I'm reading a file from my S3 bucket in a notebook in sagemaker studio (same account) using the following code:
dataset_path_in_h5="/Mode1/SingleFault/SimulationCompleted/IDV2/Mode1_IDVInfo_2_100/Run1/processdata"
s3 = s3fs.S3FileSystem()
h5_file = h5py.File(s3.open(s3url,'rb'), 'r')
data = h5_file.get(dataset_path_in_h5)
But I don't know what actually append behind the scene, does the whole h5 file is being transferred ? that's seems unlikely as the code is executed quite fast while the whole file is 20GB. Or is just the dataset in dataset_path_in_h5 is transferred ? I suppose that if the whole file is transferred at each call it could cost me a lot.
CodePudding user response:
When you open the file, a file object is created. It has a tiny memory footprint. The dataset values aren't read into memory until you access them.
You are returning data
as a NumPy array. That loads the entire dataset into memory. (NOTE: the .get()
method you are using is deprecated. Current syntax is provided in the example.)
As an alternative to returning an array, you can create a dataset object (which also has a small memory foorprint). When you do, the data is read into memory as you need it. Dataset objects behave like NumPy arrays. (Use of a dataset object vs NumPy array depends on downstream usage.

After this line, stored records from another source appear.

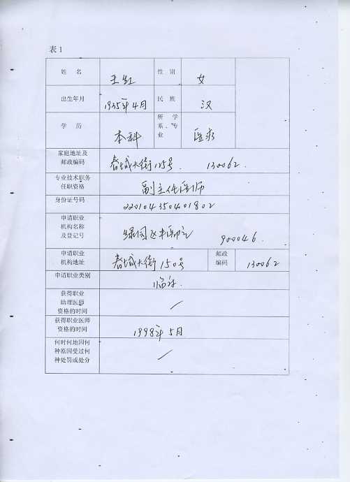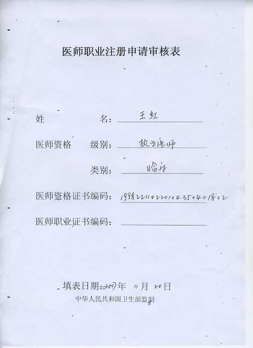 医师职业注册申请审核表(样表) (卫生)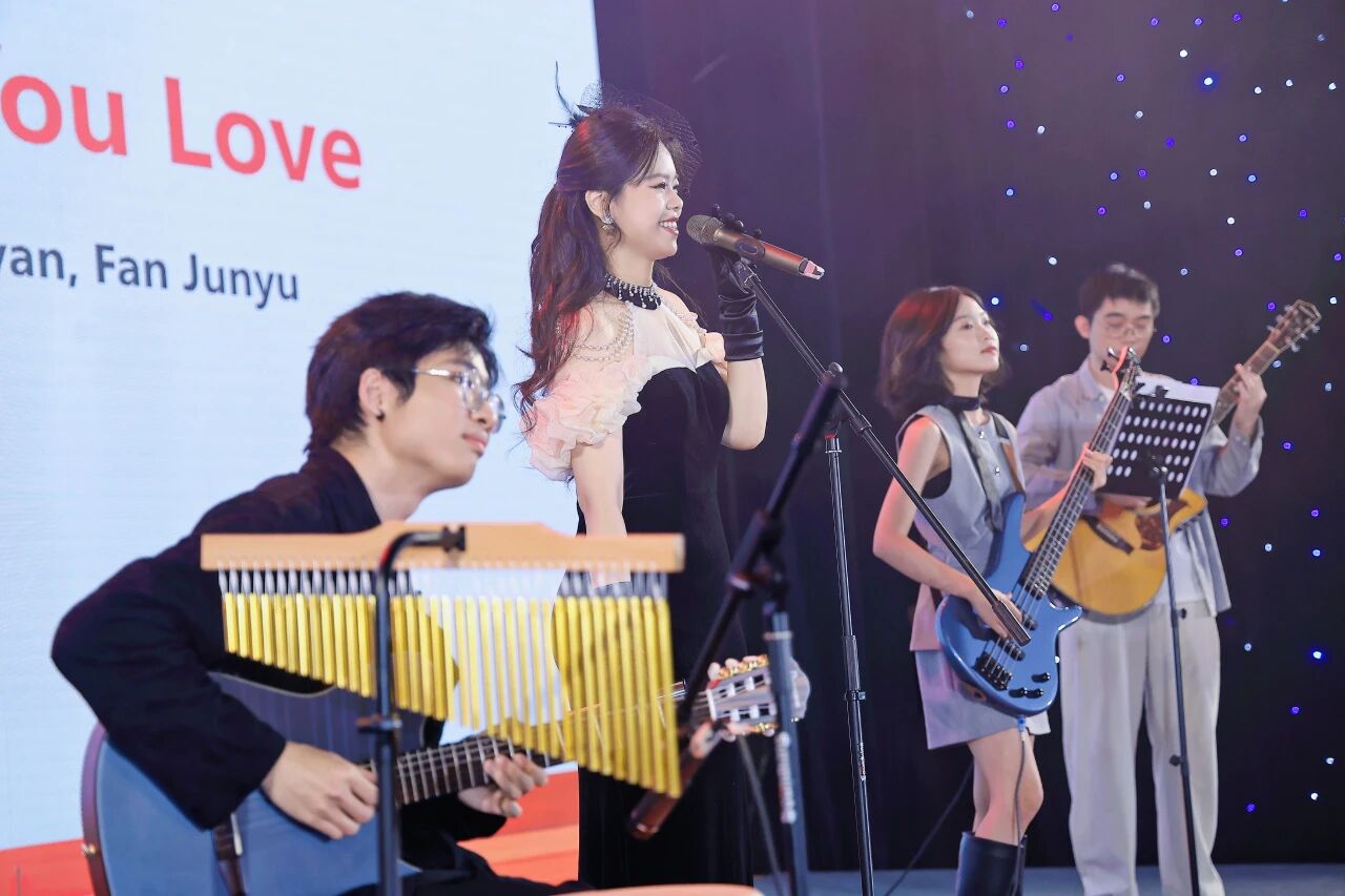 最后,滕菲菲、杨丰绮、黄靖雯、葛俊炎、范峻宇带来乐队表演,以《Fly Me to the Moon》和《I Wish You Love》两首经典曲目,用悠扬旋律营造出浪漫温馨的氛围,引发全场共鸣。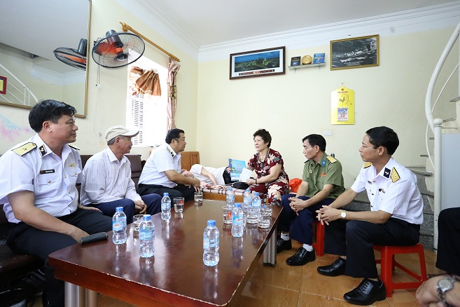 Chuẩn Đô đốc Phạm Hoài Nam và Đoàn công tác thăm, động viên gia đình CCB Đoàn tàu Không số Đào Quang Nghĩa ở phường Lê Lợi, quận Ngô Quyền, TP. Hải Phòng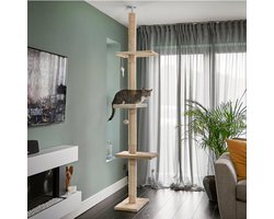 Floor to Ceiling Cat Tree 240-288cm - Beige Runesol Scratching Post with 3 Large Platforms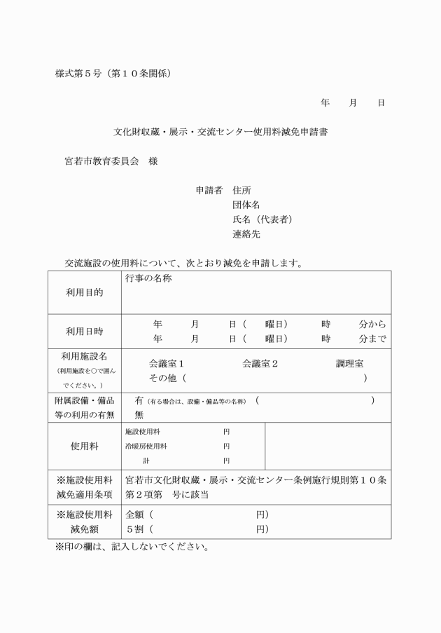 第5条 教育委員会は、申請書を受理し、適当と認めるときは、申請書の受付の順位に従って利用を許可し、文化財収蔵・展示・交流センター利用許可書(様式第2号。以下「許可書」という。)を交付する。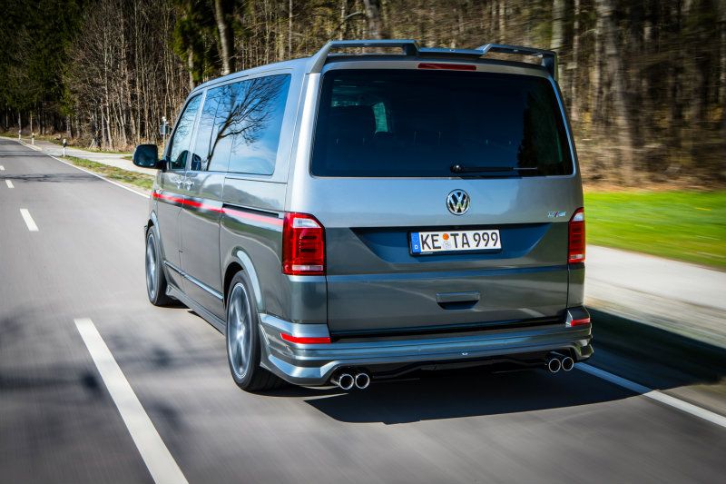 第三款周年紀念版為商旅車T6,動力規格選擇2.0 TDI版本,經過「ABT POWERed」加持讓扭力從原本的34.7 kgm晉級到42.8 kgm,馬力則從150hp提升至180hp。從外觀看,銥灰色、銀色和紅色為車體主要元素,並加裝全車空力套件,後保桿下方配置4出排氣管,讓這部T6不再呈現濃厚的商務氣息,而是渾身充滿性能化氣息。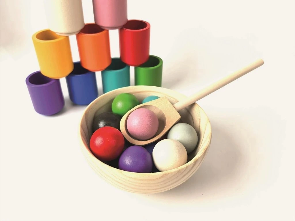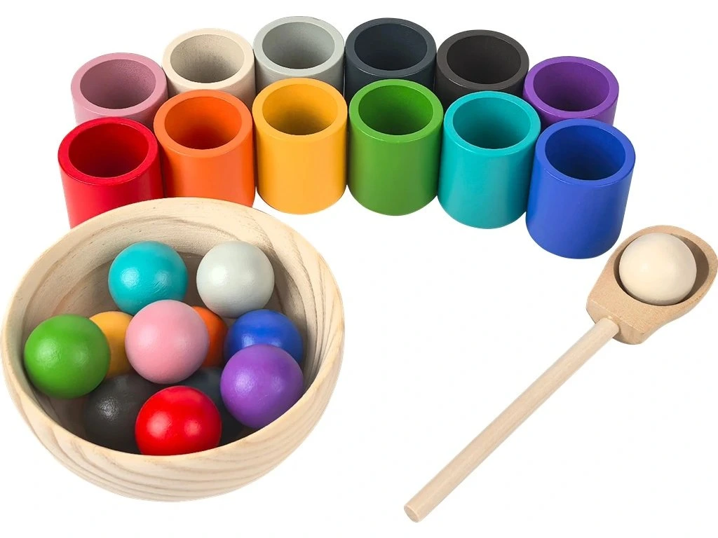 Zábavná dřevěná vzdělávací hra inspirovaná Montessori hračkami. Dítě si nejlépe zdokonaluje své dovednosti pomocí hry. Umístěte kuličky do správných kalíšků podle barev pomocí lžičky. Zvládnete to všechno ve správné barvě?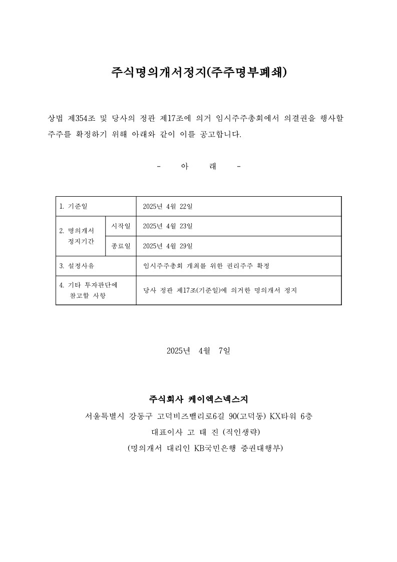 주주명의개서정지(주주명부폐쇄)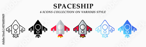 Spaceship icons collection. 6 Various styles. Lineal, solid Black, flat, lineal color and gradient. For sign, symbol, presentation, infographic or web graphics. Vector Illustration.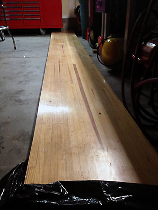 The steel cradle was built in AZ and the recycled bowling alley board was cut down and re-conditioned in Colorado. The steel cradle was delivered to Colorado and assembled on site. Not all complete at the time of these pictures - carpet needs piping and lights installed, but it plays like a new one for now.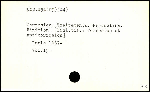 Corrosion. Traitements. Protection. Finition. [Tidl.tit.: Corrosion et anticorrosion]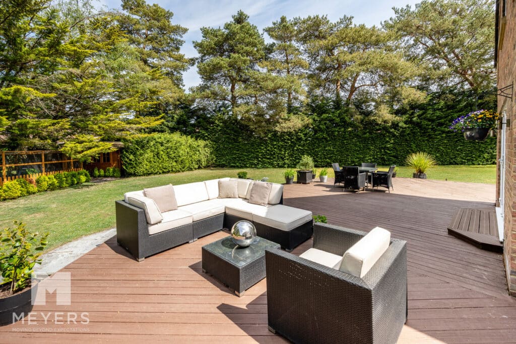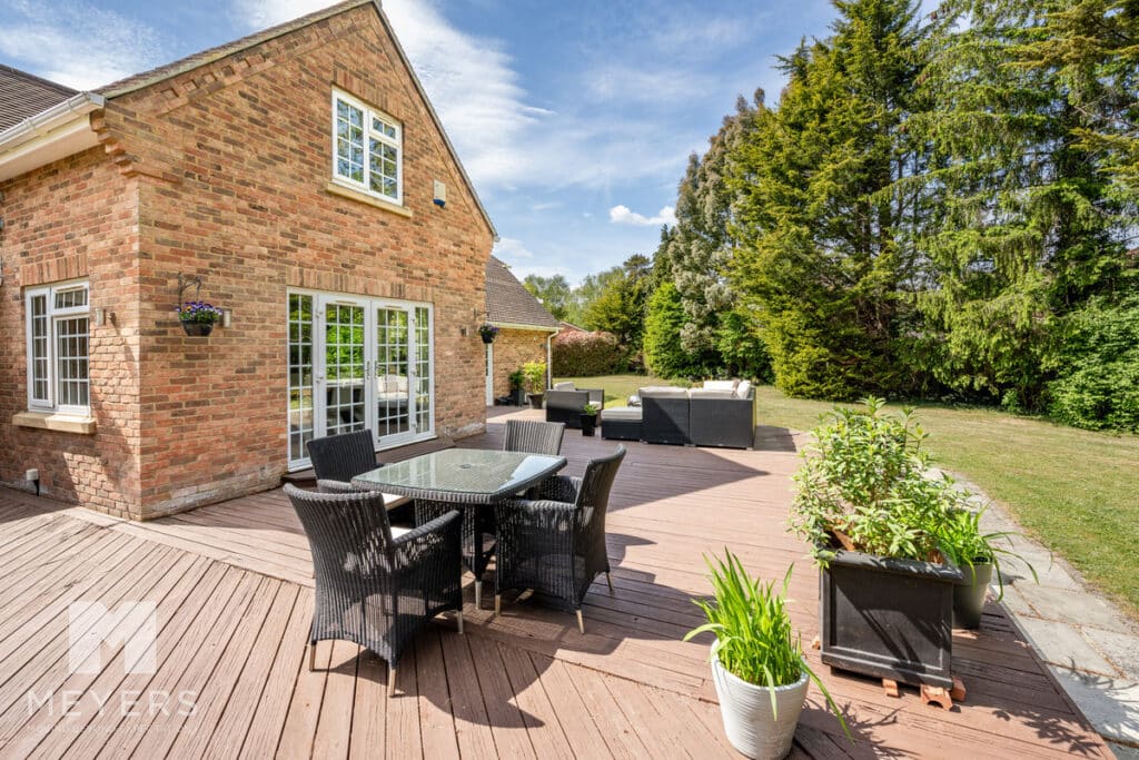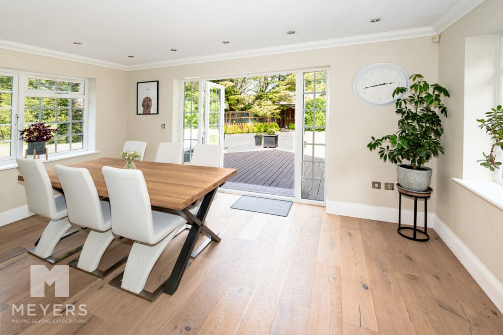 The dining area has room for an 8-10 seater table and chairs and has direct access to the rear garden and raised decked area via the UPVC French doors.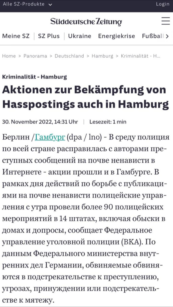 Вчера полицейские штурмовали более 90 квартир в 14 федеральных землях. Предлог: граждане критиковали правительство в Интернете, обвинения сводились к оскорблениям (со стороны политиков), клевете и подстрекательству к мятежу.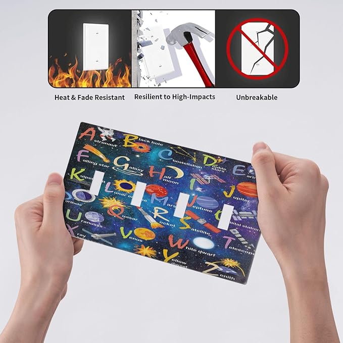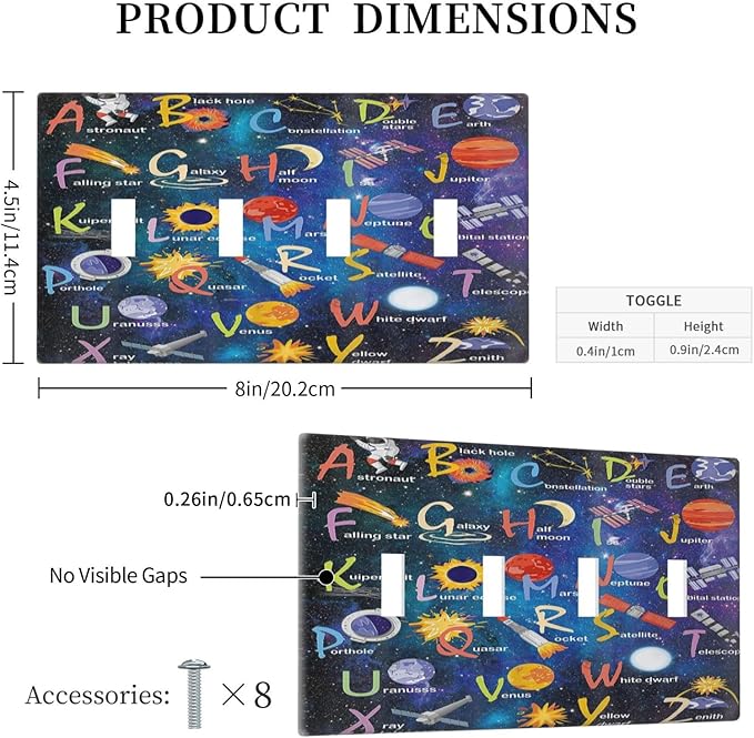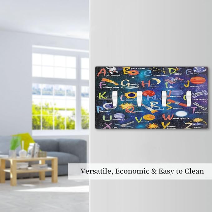ABC Outer Space Quad Toggle Light Switch Cover Decorative Alphabet Galaxy Boys Educational 4 Gang Wall Plate Electrical Faceplate Switchplate for Kidroom Nursery Boyroom Living Room Decor

Frequently you don't need an array, but sometimes they are required.) Also, if chunked I/O was enabled when the dataset was created, datasets are read in chunks.
Differences shown below. Note, I used Python's file context manager to open the file. It avoids problems if the file isn't closed properly (you forget or the program exits prematurely).
dataset_path_in_h5="/Mode1/SingleFault/SimulationCompleted/IDV2/Mode1_IDVInfo_2_100/Run1/processdata"
s3 = s3fs.S3FileSystem()
with h5py.File(s3.open(s3url,'rb'), 'r') as h5_file:
# your way to get a numpy array -- .get() is depreciated:
data = h5_file.get(dataset_path_in_h5)
# this is the preferred syntax to return an array:
data_arr = h5_file[dataset_path_in_h5][()]
# this returns a h5py dataset object:
data_ds = h5_file[dataset_path_in_h5] # deleted [()]